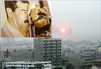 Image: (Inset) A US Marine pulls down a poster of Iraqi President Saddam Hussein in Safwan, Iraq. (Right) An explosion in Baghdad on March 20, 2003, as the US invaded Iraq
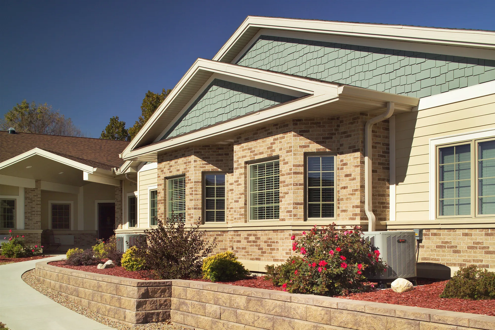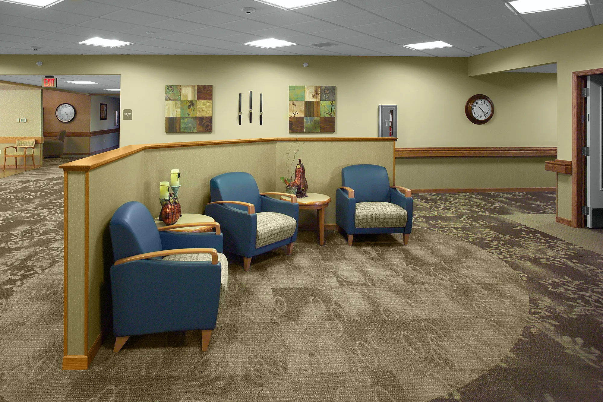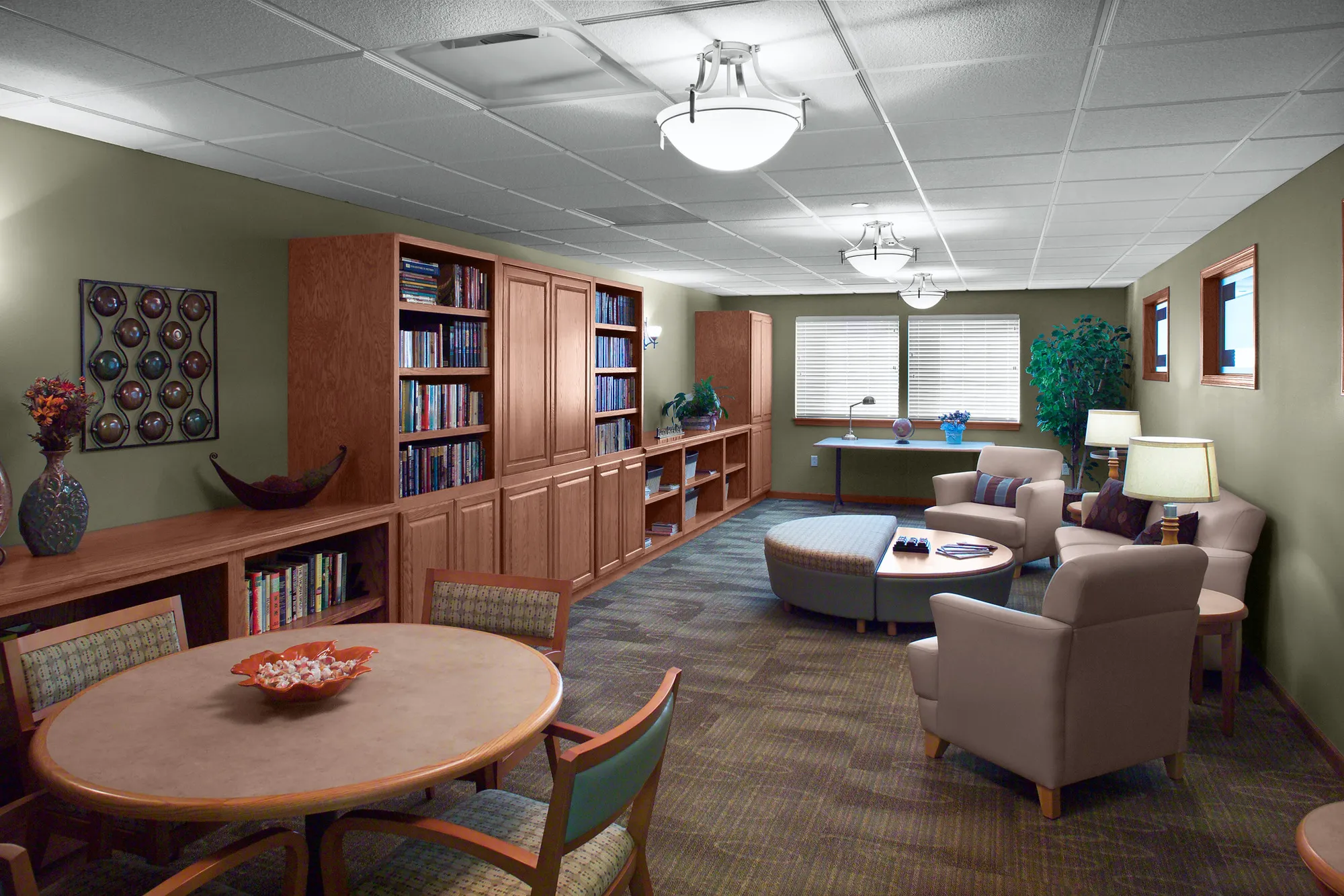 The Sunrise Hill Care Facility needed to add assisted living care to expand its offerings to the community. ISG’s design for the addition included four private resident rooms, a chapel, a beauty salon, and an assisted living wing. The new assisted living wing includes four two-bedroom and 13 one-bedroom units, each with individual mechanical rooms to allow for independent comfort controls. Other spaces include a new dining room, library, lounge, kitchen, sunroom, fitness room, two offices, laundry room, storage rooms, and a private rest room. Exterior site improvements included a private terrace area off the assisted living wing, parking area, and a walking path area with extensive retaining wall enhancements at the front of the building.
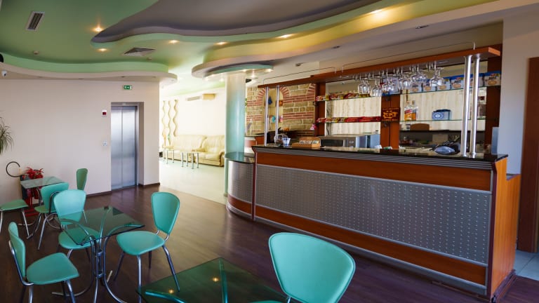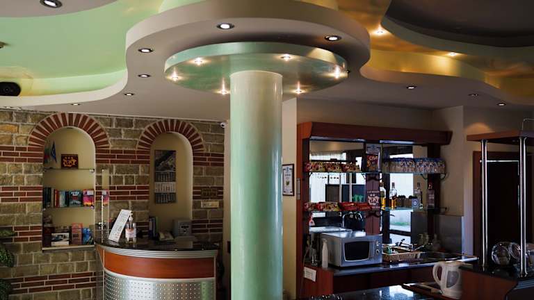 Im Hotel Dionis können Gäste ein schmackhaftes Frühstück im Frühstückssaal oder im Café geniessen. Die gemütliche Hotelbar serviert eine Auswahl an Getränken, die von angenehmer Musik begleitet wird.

·····

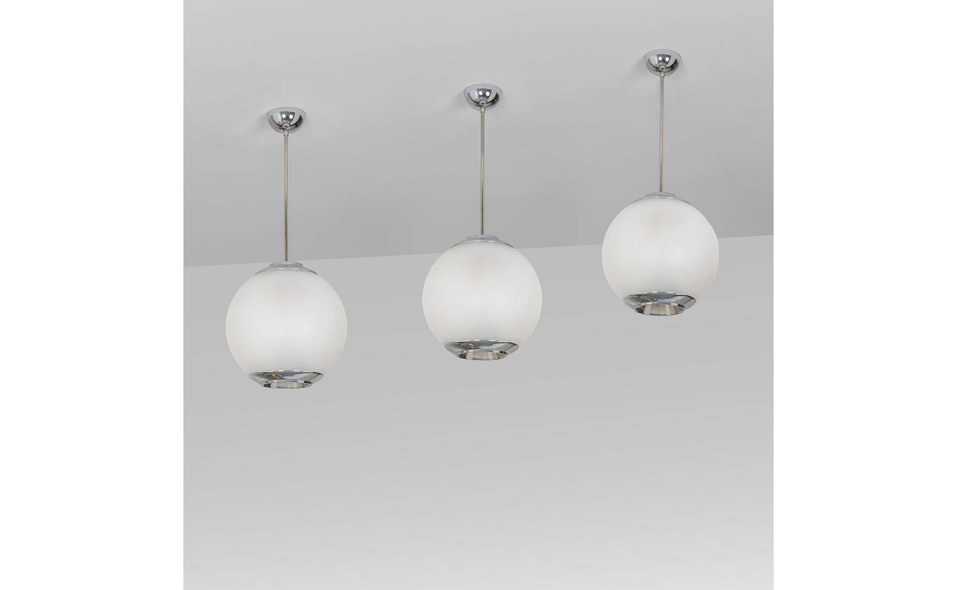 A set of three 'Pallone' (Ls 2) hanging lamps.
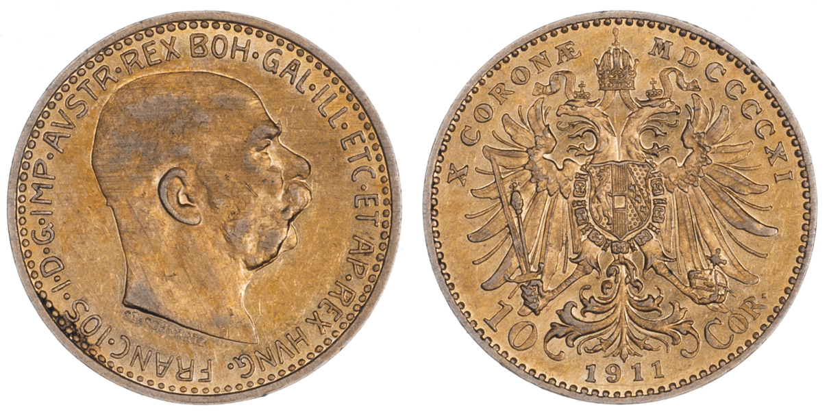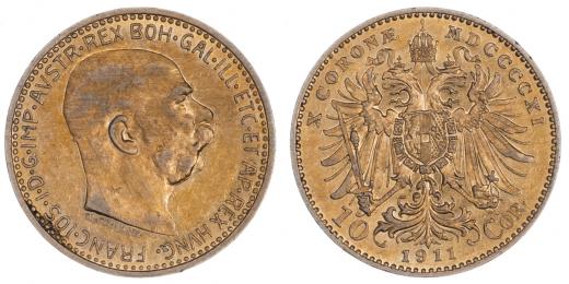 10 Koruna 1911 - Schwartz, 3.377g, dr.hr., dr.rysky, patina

·····

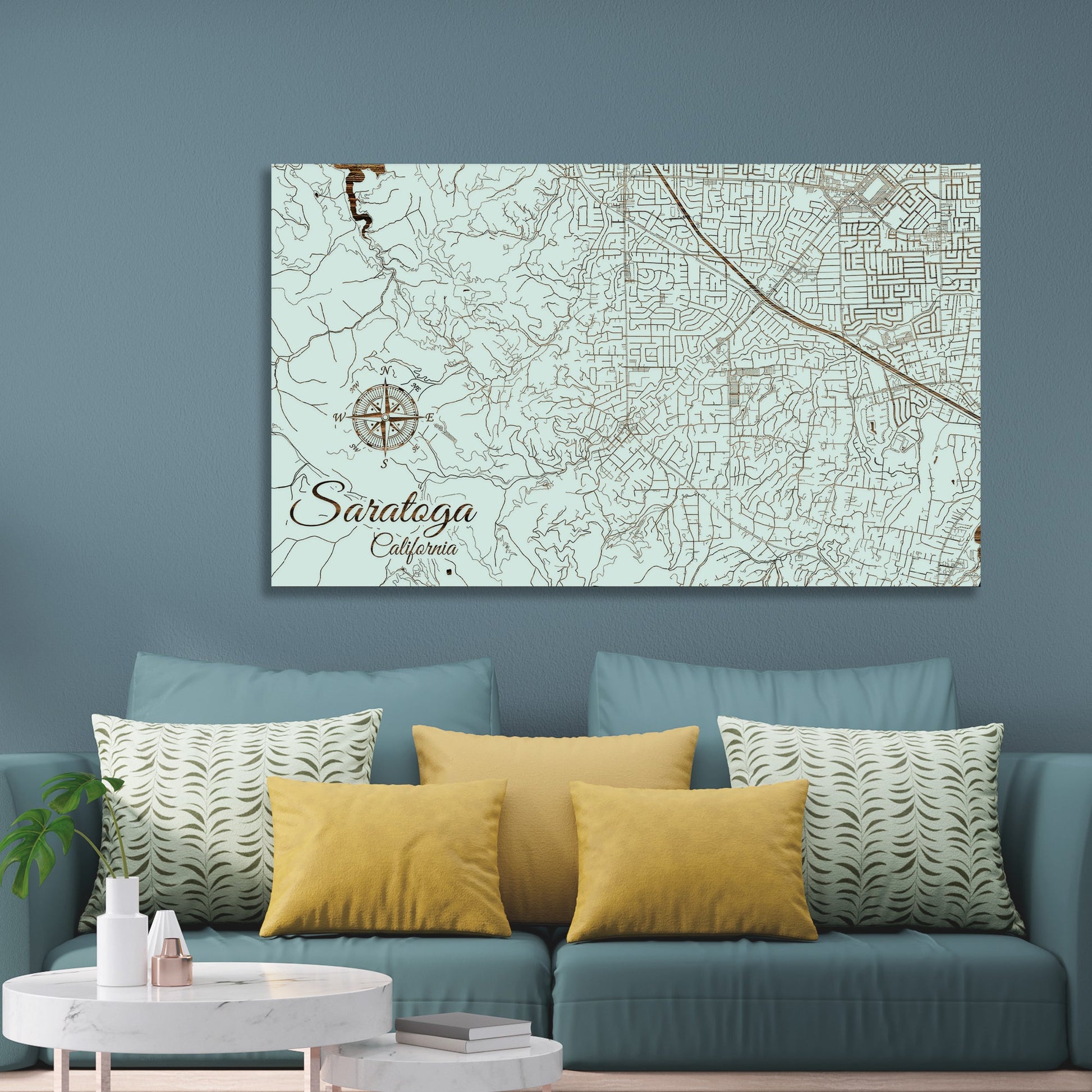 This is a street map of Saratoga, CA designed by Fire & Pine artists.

·····

:: WORK ITEM ::
Although pictures appear among the records above, write out exactly only the lines from the one that has "A set of three" through the one that has "10 Koruna 1911", and leave the pictures out.

:: RESPONSE ::
 A set of three 'Pallone' (Ls 2) hanging lamps.
 10 Koruna 1911 - Schwartz, 3.377g, dr.hr., dr.rysky, patina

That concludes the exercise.